Article Text
Abstract
Background/introduction Mycoplasma genitalium (MG) is increasingly implicated in PID pathogenesis with many studies showing MG is as common as chlamydia in high-risk women. Current PID treatment guidelines specify antibiotics with low efficacy against MG. Increasing reports of macrolide resistance suggests first line treatment for MG (azithromycin) may have limitations.
Aim(s)/objectives To document rates of MG in a cohort of women with acute PID, and the proportion with baseline macrolide resistance.

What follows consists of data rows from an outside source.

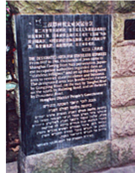
Jewish memorial in Shanghai

A Jewish community thrived in Shanghai before and during World War II, and a small community remains today. Most practitioners meet in private homes to worship, because Judaism is not officially recognized in China and there is little access to synagogues. During the war, approximately 30,000 Jews who escaped Nazi persecution in Europe received refuge in the city. The community had seven or more synagogues there, as well as its own newspapers and schools. After World War II ended, most of the Jewish people left Shanghai and the synagogues fell into disrepair, and were torn down or used for other purposes. One is now being restored in a government effort to “revive Jewish heritage” in a city that was at one time a refuge for thousands of Jews. 115
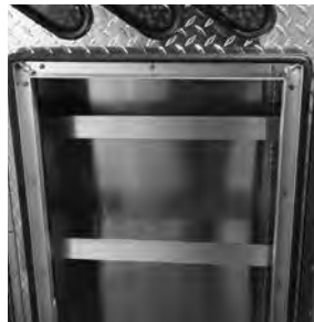
Chain hangers in each side compartment
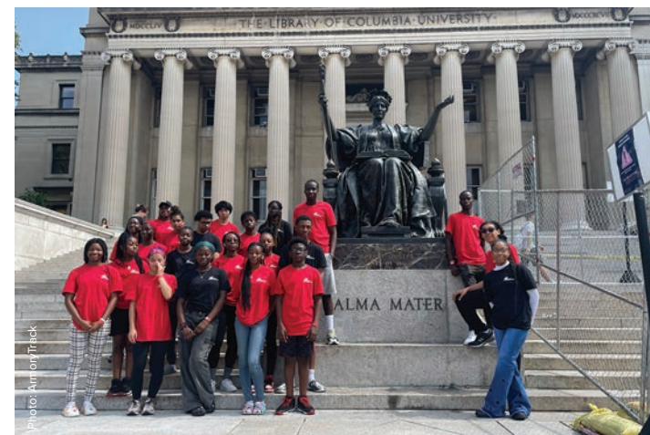
Students visited Columbia University on one of several college tours that ACP organizes each year.

Our Armory College Prep (ACP) program is vital to our mission of “Keeping Kids on Track.” Fewer than three quarters of New York City high school students go on to attend college after graduation, and that number is significantly lower in the schools of underserved communities that many of our students attend. For the seventh year in a row, 100 percent of our graduating seniors have been accepted to a four-year college, while also
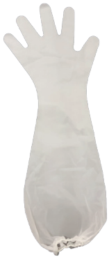
Non-Woven Arm Sleeves
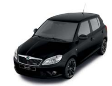
Black Magic pearl effect
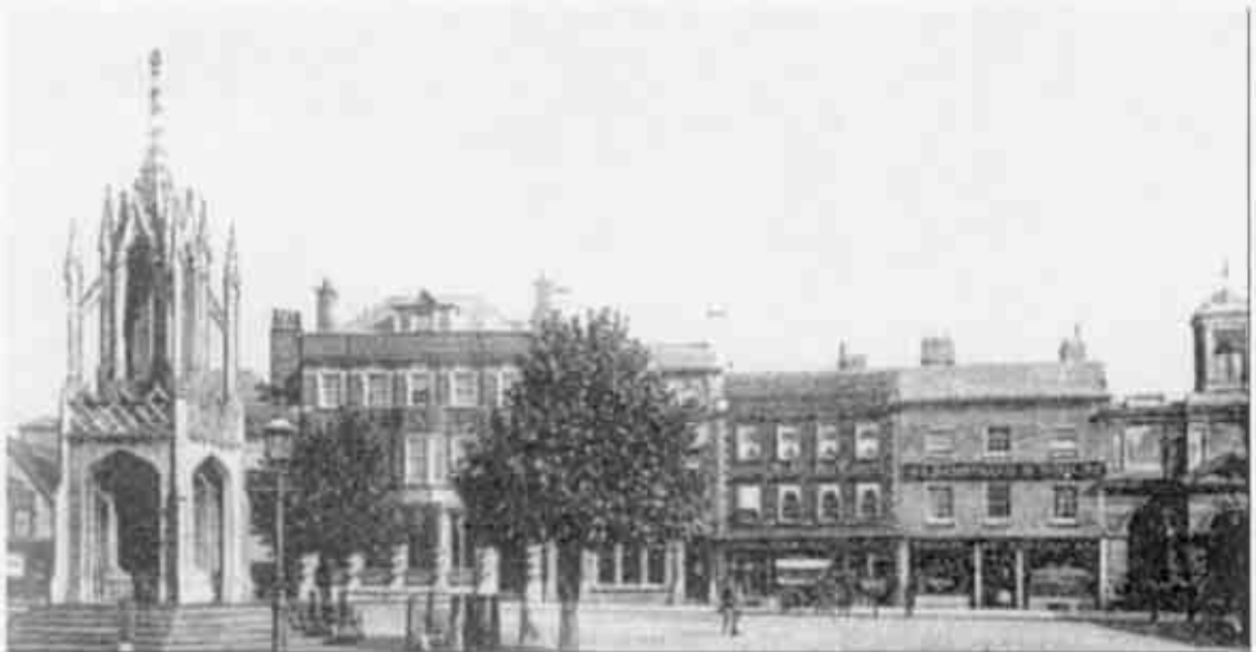
Market Place - historical view

2.18 The principle archaeological resource is understood to be the line of the former outer bailey defences which are projected to run through the southern part of the site in a concentric semi-elliptical pattern. While additional evaluation will need to be undertaken prior to development, bearing in mind the history of development on the site it is not anticipated that the archaeological resource will preclude development on any part of it.

Methods As part of a multicentre, open-label, non-inferiority RCT comparing ofloxacin/metronidazole (arm-1) with azithromycin 1g day-1; 500 mg od day 2–5, metronidazole/ceftriaxone (arm-2), samples were collected for baseline chlamydia, gonorrhoea and mycoplasma infection. Microbiological cure rates were documented at 6–8 weeks. Positive MG specimens were examined for macrolide resistance using a 23S rRNA PCR.
Results 313 women were recruited, median age 25. Preliminary results showed chlamydia was confirmed in 9.5%, MG in 8.2% and gonorrhoea in 0.4%. Of the 16 samples available for resistance testing, 9 (56%) had macrolide resistance mutations (A2058G/T, A2059G/C) at baseline. The reference laboratory received test-of-cure samples for only 8 patients with MG, of which 6 were negative, however 2 remained positive, both with A2059G nucleotide substitutions. Further results will be presented.
Discussion/conclusion MG infection was nearly as common as chlamydia in this cohort. Failure of patients to return at 6–8 weeks affected our ability to properly assess test-of-cure rates. Baseline macrolide resistance was unexpectedly high and impacted negatively on treatment success.